他の研究者たちは、DNAの様々な物理的特性を利用して情報をエンコードしています。イリノイ大学のオルジカ・ミレンコビッチ氏のグループは、大量の合成DNAを製造するのではなく、自然界に存在する細菌のDNAに小さな切り込みを入れています。これらの変化は数えることができるため、実質的には加算演算子と減算演算子、つまりJavaなどのプログラミング言語の構成要素の一つとなります。

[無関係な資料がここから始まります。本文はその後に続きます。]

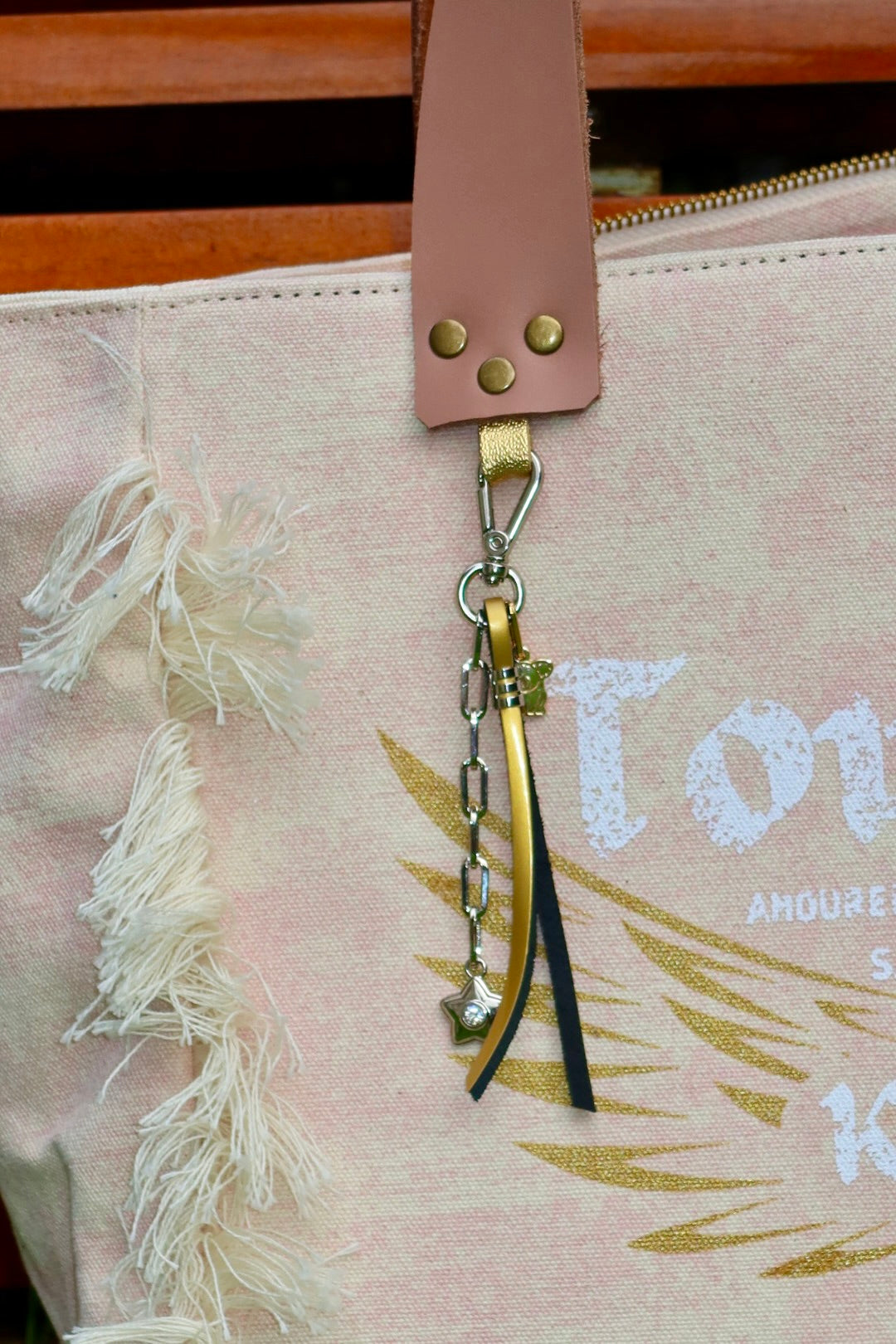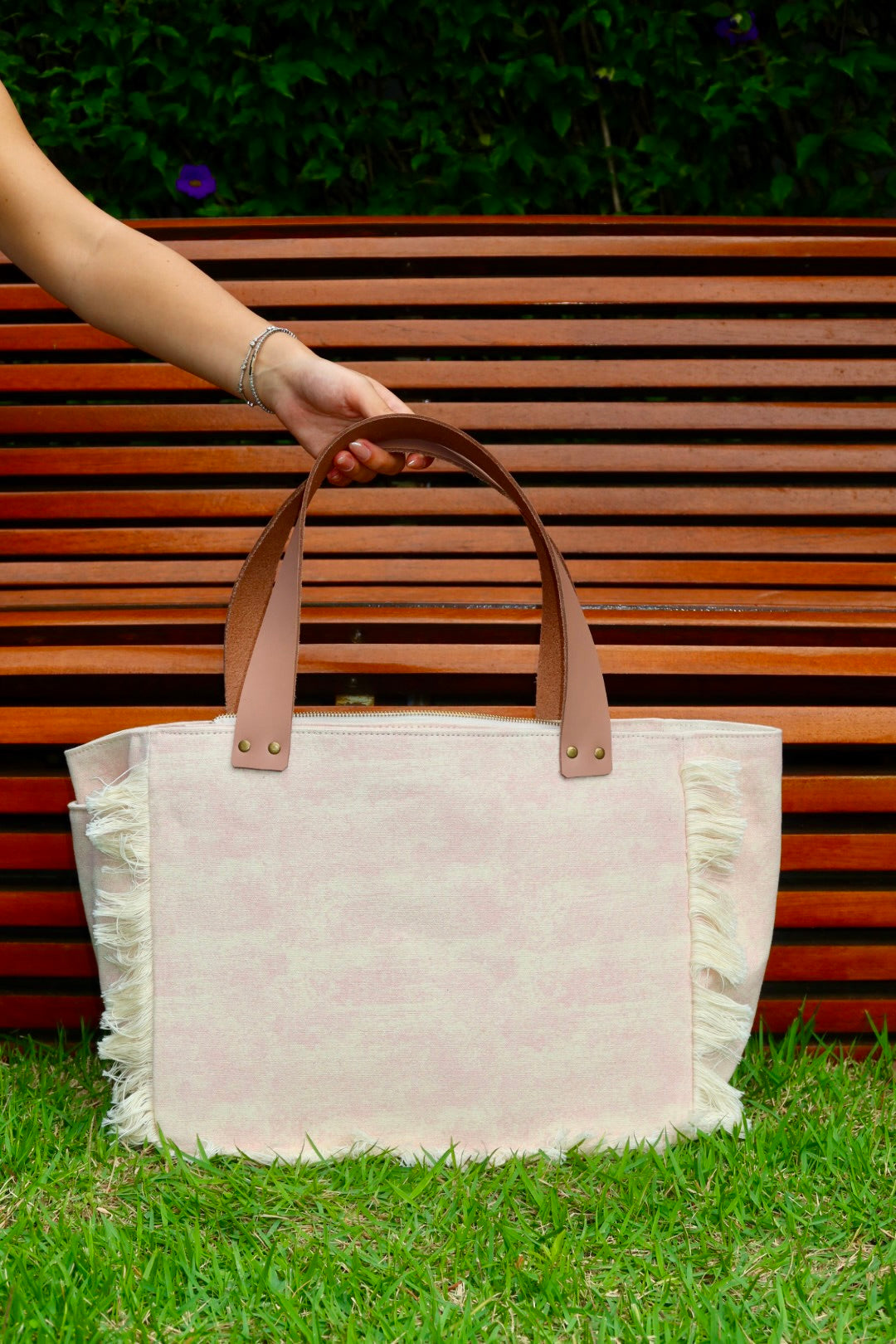 Bolsa média em lona de algodão estilo tote no modelo Nuna na cor lilac, com estampa em silk dourado e branco e alças de couro legítimo em bege.
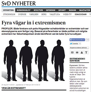 Svenska dagbladet har publicerat en artikel med rubriken fyra vägar in i extremismen och som diskuterar hur vanliga människor kan förvandlas till ett hot mot den rådande ordningen eller “demokratin”.
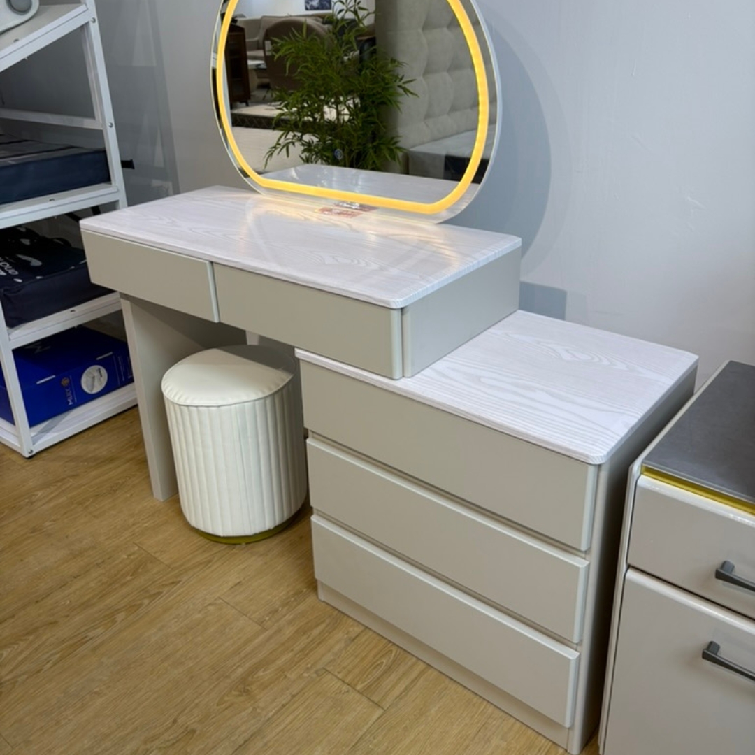 Tingkatkan ruang kecantikan anda dengan Set Meja Solek LED LEGACY. Ia tampil dengan rekaan boleh laras (expandable) yang membolehkan anda mengubah saiz lebarnya mengikut kesesuaian ruang bilik. Meja ini menyediakan storan yang luas dengan 5 laci simpanan untuk menyusun alat solek dan aksesori. Dilengkapi dengan cermin penderia sentuh (touch sensor) LED, ia memberikan pencahayaan sempurna untuk bersolek. Set lengkap ini turut disertakan dengan kerusi (stool) solek yang padan.
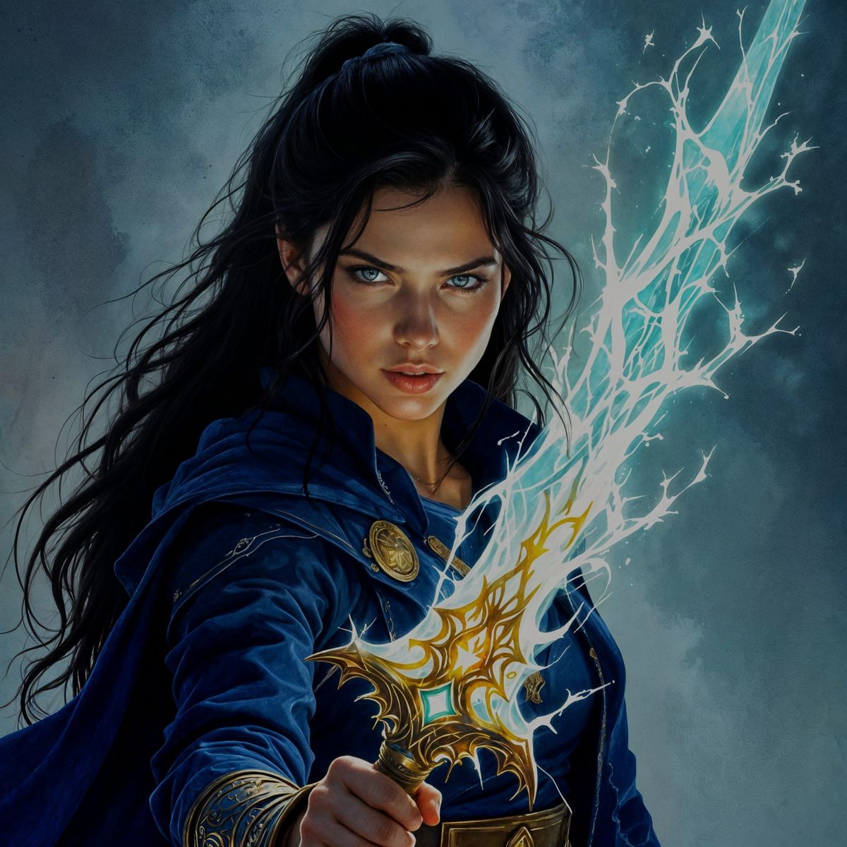 This image shows a determined woman holding a glowing, intricate magical weapon. Dramatic lighting highlights her resilience in a dark fantasy world with swirling watercolor textures.
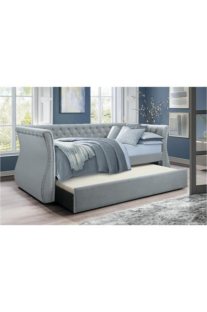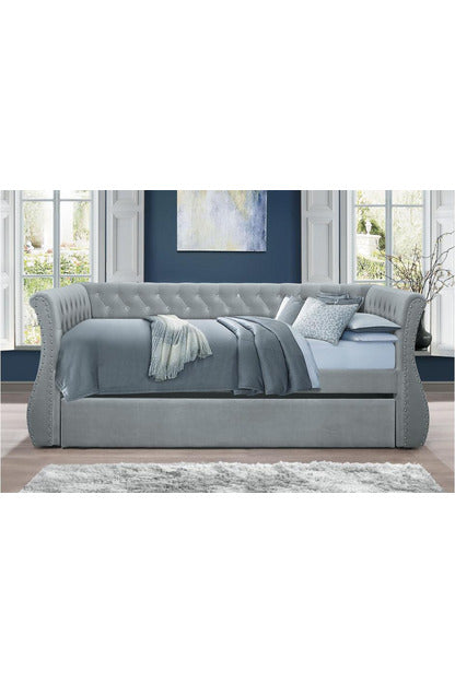 Positively radiant from top to bottom, the Gossamer Collection will lend an air of elegant sophistication to your bedroom. Gray velvet is accented with nailhead and pleated crystal button tufting while dramatic curves create a glamorous profile for your bedroom. Whether used for sleeping or relaxing, the daybed’s design allows for placement in a number of room sizes and configurations, while the under-bed trundle pulls out to accommodate your additional sleep space needs.

DARPAが関心を持つ分子はDNAだけではありません。ブラウン大学の理論化学者であるブレンダ・ルーベンシュタインは、量子コンピューティング(情報ビットを原子、イオン、光子、電子のいずれかとしてエンコードする)の研究に携わってきました。しかし今、彼女はその概念を有機化合物、特にR基(分子の可変部分で、分子に異なる物理的および化学的特性を与える)を結合する場所が複数ある化合物に拡張しています。様々な反応を実行することで、これらのR基は予測可能な方法で変化するため、基本的な線形代数方程式の計算に適しているとルーベンシュタインは言います。「R基は非常に多くの特性を持ち、情報の保存と処理能力が驚異的です」と彼女は言います。「コンピューティングの範囲を広げるには、小さな分子がほぼ​​当然の選択肢だと思います。」

DNAのような分子は、最先端のインシリコ技術に比べて、いくつかの大きな利点を持つ可能性がある。はるかに高密度なストレージ能力を持ち、はるかに長く保存でき、さらにははるかに多くの処理を並列処理できる可能性もある。しかし、それらは万能薬ではない。DNAはコンピューターコードと同様に、ハッキングされる可能性がある。そして、スマートフォンのフードの下に、いかにして小さな分子反応のスープを詰め込むのか、想像もつかない。しかし、少なくとも数年後、国防総省が地下バンカーを建設しているかもしれない、と想像するのは楽しい。サーバーファームのためではなく、極小のガラスビーズのトレイを保管するためのバンカー、つまり凍結乾燥DNAの中に国家の機密が収められているバンカーだ。